Dataset excerpts:
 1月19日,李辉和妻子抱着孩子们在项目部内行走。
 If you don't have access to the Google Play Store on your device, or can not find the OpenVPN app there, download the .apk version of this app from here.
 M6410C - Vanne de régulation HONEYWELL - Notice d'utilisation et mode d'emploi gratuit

...

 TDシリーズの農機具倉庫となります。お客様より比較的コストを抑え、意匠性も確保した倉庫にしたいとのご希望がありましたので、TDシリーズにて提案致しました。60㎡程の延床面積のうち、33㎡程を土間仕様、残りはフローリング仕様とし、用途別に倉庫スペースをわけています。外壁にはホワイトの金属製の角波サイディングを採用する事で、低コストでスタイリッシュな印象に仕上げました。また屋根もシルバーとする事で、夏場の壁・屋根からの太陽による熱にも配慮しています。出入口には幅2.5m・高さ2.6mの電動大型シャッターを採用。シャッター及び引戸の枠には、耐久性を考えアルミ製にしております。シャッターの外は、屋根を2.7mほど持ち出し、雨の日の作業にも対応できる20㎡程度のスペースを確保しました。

---

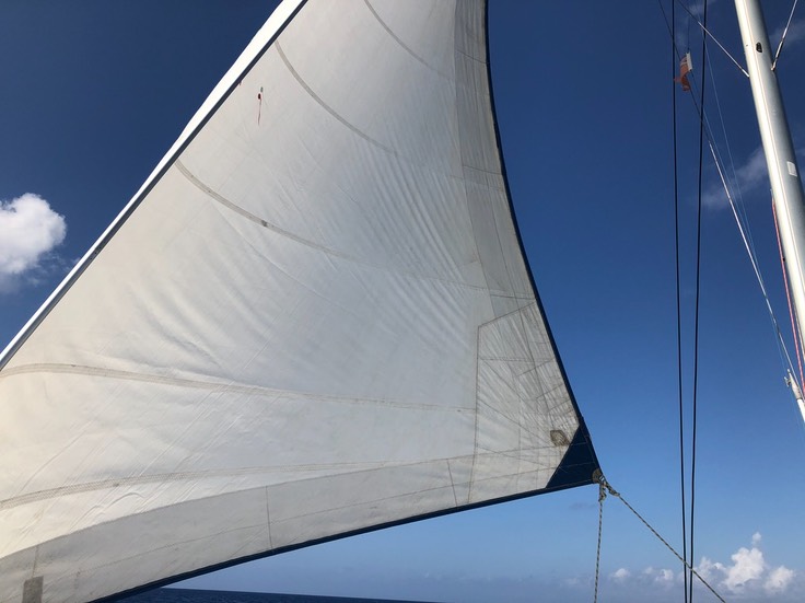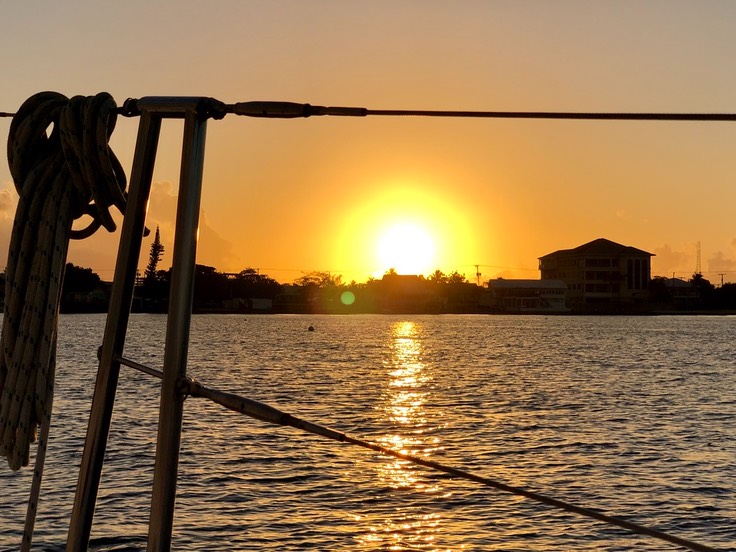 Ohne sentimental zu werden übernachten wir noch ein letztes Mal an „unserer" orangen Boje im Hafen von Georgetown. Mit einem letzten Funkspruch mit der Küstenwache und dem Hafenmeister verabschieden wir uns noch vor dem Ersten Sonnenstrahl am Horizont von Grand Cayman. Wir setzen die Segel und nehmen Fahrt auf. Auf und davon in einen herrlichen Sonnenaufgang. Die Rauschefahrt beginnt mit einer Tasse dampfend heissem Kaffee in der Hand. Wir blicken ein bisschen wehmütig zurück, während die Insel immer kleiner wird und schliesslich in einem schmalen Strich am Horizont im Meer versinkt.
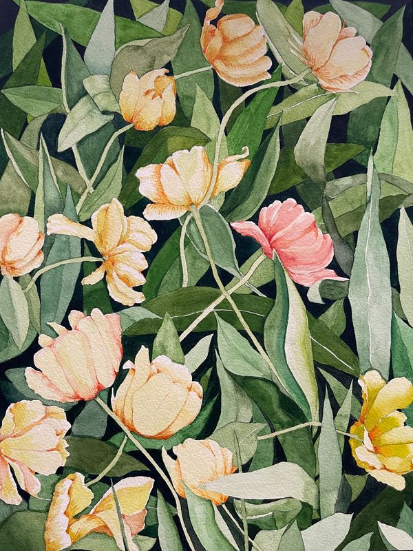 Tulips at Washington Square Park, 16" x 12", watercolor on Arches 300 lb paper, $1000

Description of the task: Using the data above, reproduce exactly the lines from the line that contains "1月19日,李辉和妻子抱着孩子们在项目部内行走。" through the line that contains "M6410C - Vanne", including both.

Exercise result:
 1月19日,李辉和妻子抱着孩子们在项目部内行走。
 If you don't have access to the Google Play Store on your device, or can not find the OpenVPN app there, download the .apk version of this app from here.
 M6410C - Vanne de régulation HONEYWELL - Notice d'utilisation et mode d'emploi gratuit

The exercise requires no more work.